RECORDS SHOWN =>

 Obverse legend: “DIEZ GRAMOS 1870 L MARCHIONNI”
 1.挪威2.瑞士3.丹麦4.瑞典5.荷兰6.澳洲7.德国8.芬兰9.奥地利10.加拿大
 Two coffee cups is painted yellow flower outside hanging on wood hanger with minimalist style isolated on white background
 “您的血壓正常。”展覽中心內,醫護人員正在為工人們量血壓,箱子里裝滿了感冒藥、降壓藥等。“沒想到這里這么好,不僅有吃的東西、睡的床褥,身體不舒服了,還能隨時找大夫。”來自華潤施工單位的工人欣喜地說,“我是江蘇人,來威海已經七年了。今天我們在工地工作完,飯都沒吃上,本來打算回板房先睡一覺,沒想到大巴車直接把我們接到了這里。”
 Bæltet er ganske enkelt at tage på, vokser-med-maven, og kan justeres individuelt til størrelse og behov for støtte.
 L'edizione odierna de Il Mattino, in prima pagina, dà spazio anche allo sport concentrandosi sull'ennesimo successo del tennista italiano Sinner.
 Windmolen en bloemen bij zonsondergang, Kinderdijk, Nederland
==
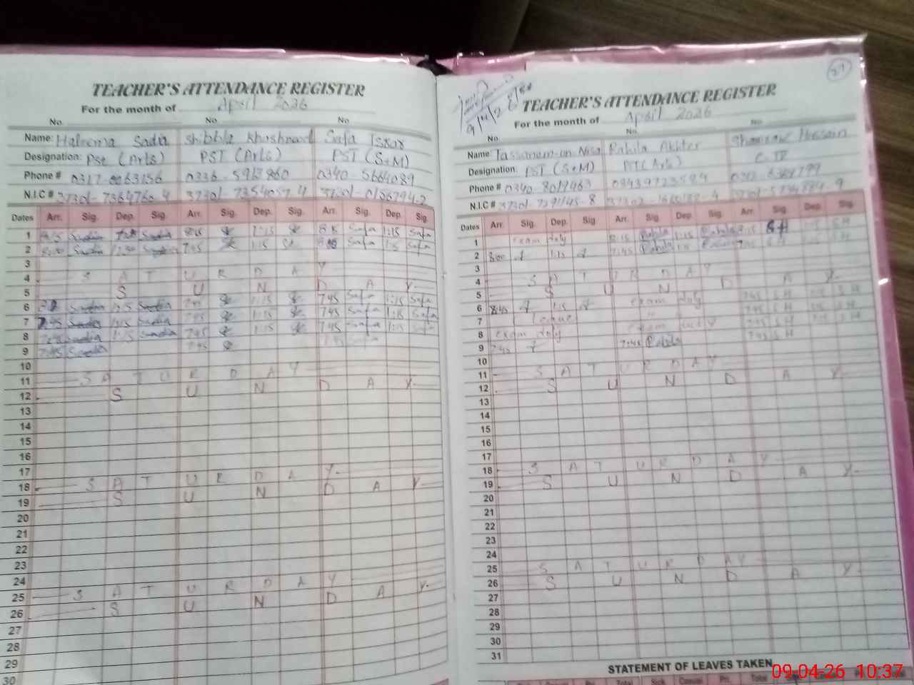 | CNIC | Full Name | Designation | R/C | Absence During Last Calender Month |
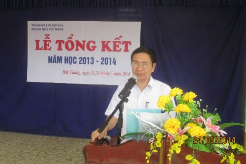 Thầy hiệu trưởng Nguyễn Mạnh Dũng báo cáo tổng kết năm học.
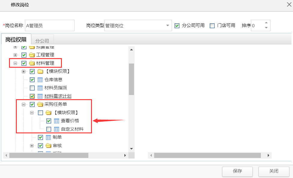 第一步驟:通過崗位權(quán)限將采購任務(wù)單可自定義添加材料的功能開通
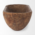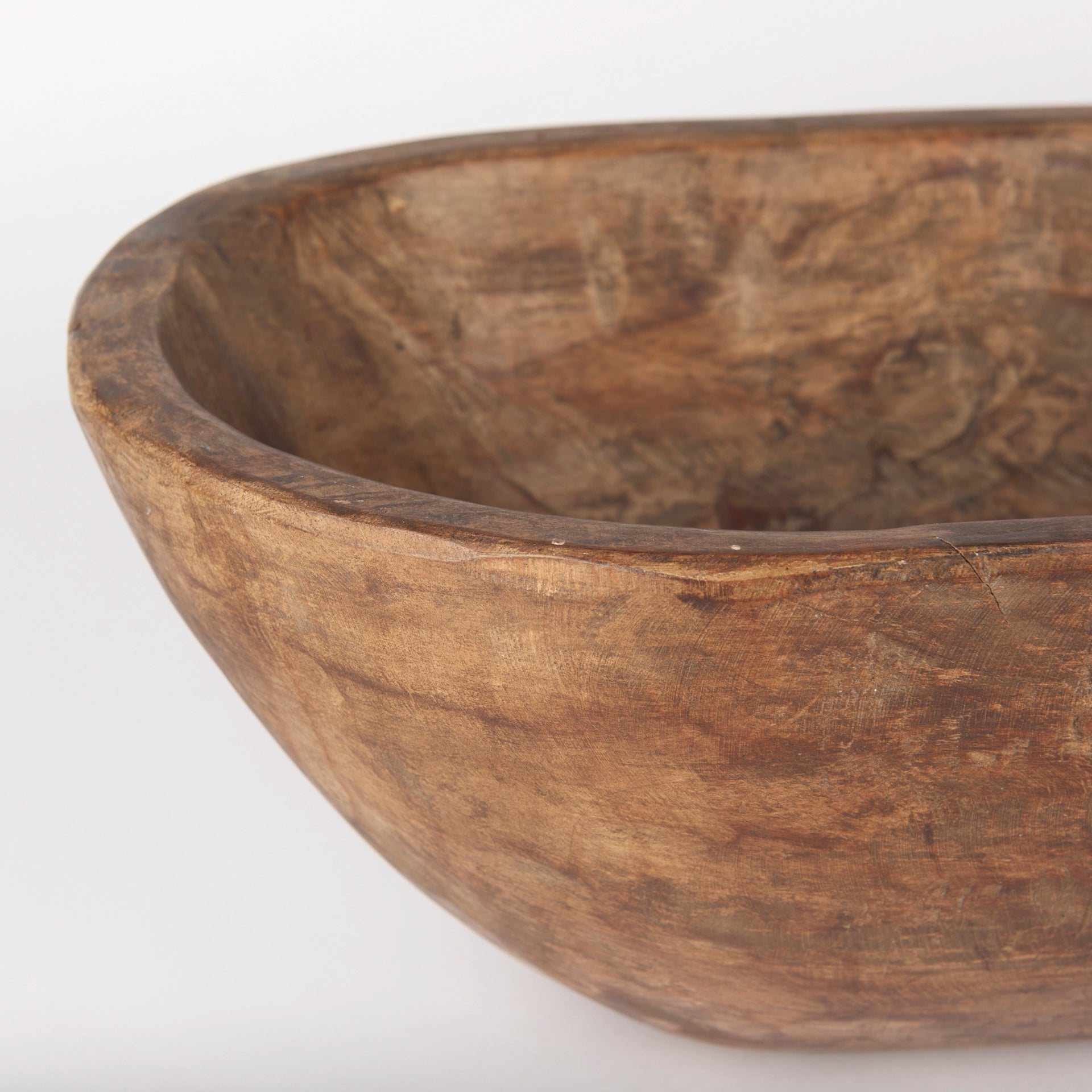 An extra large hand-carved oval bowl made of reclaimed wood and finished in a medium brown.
...
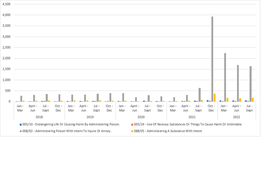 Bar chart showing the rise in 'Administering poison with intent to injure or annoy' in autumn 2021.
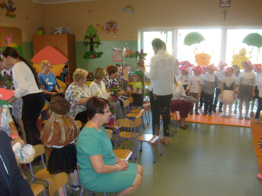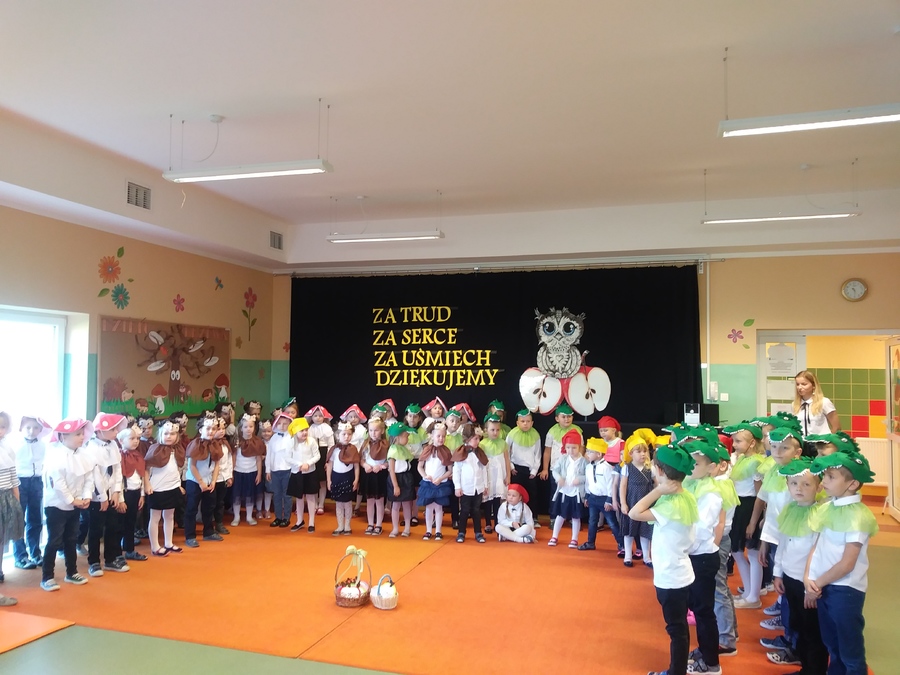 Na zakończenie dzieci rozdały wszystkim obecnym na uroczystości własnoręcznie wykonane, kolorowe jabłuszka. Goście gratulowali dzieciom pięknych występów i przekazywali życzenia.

TASK STATEMENT =>
Copy the lines above exactly. Start with the line containing "Two coffee cups", end with the line containing "Windmolen en bloemen", and include both.

RESULT BELOW =>
 Two coffee cups is painted yellow flower outside hanging on wood hanger with minimalist style isolated on white background
 “您的血壓正常。”展覽中心內,醫護人員正在為工人們量血壓,箱子里裝滿了感冒藥、降壓藥等。“沒想到這里這么好,不僅有吃的東西、睡的床褥,身體不舒服了,還能隨時找大夫。”來自華潤施工單位的工人欣喜地說,“我是江蘇人,來威海已經七年了。今天我們在工地工作完,飯都沒吃上,本來打算回板房先睡一覺,沒想到大巴車直接把我們接到了這里。”
 Bæltet er ganske enkelt at tage på, vokser-med-maven, og kan justeres individuelt til størrelse og behov for støtte.
 L'edizione odierna de Il Mattino, in prima pagina, dà spazio anche allo sport concentrandosi sull'ennesimo successo del tennista italiano Sinner.
 Windmolen en bloemen bij zonsondergang, Kinderdijk, Nederland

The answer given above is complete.